European stock markets saw their biggest drop in a month, as bond yields surged.

European stock markets experienced their biggest drop in a month, with the Stoxx 600 index falling by 1.5%. Other indices also declined: Germany’s DAX by 2.2%, France’s CAC by 0.7%, the UK’s FTSE 100 by 0.8%, Spain’s IBEX by 1.5%, and Italy’s FTSE MIB by 1.6%. In the bond market, yields on 30-year gilts rose to 5.75%, the highest level since 1998. With European markets struggling, we can expect increased volatility in the weeks ahead. The VSTOXX index, which shows volatility for the Euro Stoxx 50, likely surged past 25 today, marking a high not seen since March 2025. This situation makes buying options, like puts for downside protection, more expensive but possibly essential. The sharp rise in UK 30-year gilt yields above 5.75% is causing concern across markets. This level hasn’t been seen since the late 1990s and recalls the gilt market crisis from late 2022. There’s growing worry about the UK’s recent fiscal updates and the Bank of England’s ability to manage inflation, which was still high at 4.5% as of August 2025. As a result, traders are positioning themselves for further declines in stocks, especially in rate-sensitive sectors. Heavy buying of put options on the German DAX is expected, given its vulnerability to industrial slowdowns. The options market now indicates a greater than 50% chance of the DAX hitting its 2024 lows before the year ends. For fixed-income derivatives, the focus will be on how the Bank of England responds. Traders can use interest rate swaps and SONIA futures to bet on further rate hikes that the market anticipates. Current pricing suggests traders expect at least two additional 25 basis point hikes by December 2025, a significant shift from just a week ago. The UK’s FTSE 100 is underperforming compared to France’s CAC, creating a trading opportunity. Traders may consider buying CAC futures while selling FTSE 100 futures. This strategy aims to take advantage of the specific political and economic challenges facing the UK market, shielding the trade from overall European trends.

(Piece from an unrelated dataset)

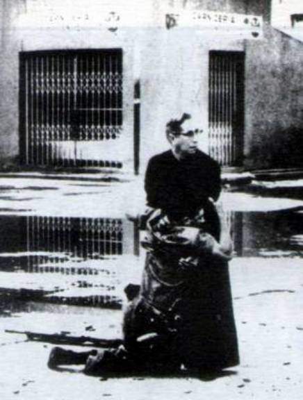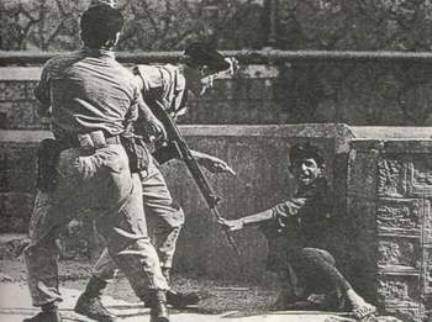 委内瑞拉一名前往平息叛乱的政府士兵被击中,伯迪拉神父一面抱着他为他做临终忏悔,一面紧张地观察追兵是否会突然到来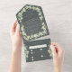 Invitación Todo En Uno Fresa verde gris + Boda eucalipto

here to set up a live account on VT Markets now

Kiwi currency drops 40 pips after GDT dairy auction shows a 4.3% price decline

The GDT price index in New Zealand has dropped by 4.3%. The New Zealand dollar has lost 40 pips today, and the fall in dairy prices could worsen the situation. The average dairy price is now $4043, with whole milk powder down by 5.3%. This situation could affect New Zealand’s economic outlook.

Bearish Signals In The Dairy Sector

There’s a clear bearish signal with the Global Dairy Trade price index down 4.3%. This decrease lowers the average price to $4043, confirming a decline in our main export sector. The quick 40-pip drop in the kiwi is a direct response we expect will continue. This decline isn’t happening alone; recent data for the second quarter of 2025 shows a 6% drop in dairy imports from key Asian markets. This decline likely indicates weaker global demand, putting more pressure on prices in the near future. This ongoing price weakness seems to be fundamentally driven, not just a temporary fall. Monetary policy-wise, this continual drop in our trade terms makes it tougher for the Reserve Bank of New Zealand to maintain its tough stance. We should consider the possibility that the RBNZ will postpone its next interest rate hike. This potential policy change adds more downward pressure on the New Zealand dollar.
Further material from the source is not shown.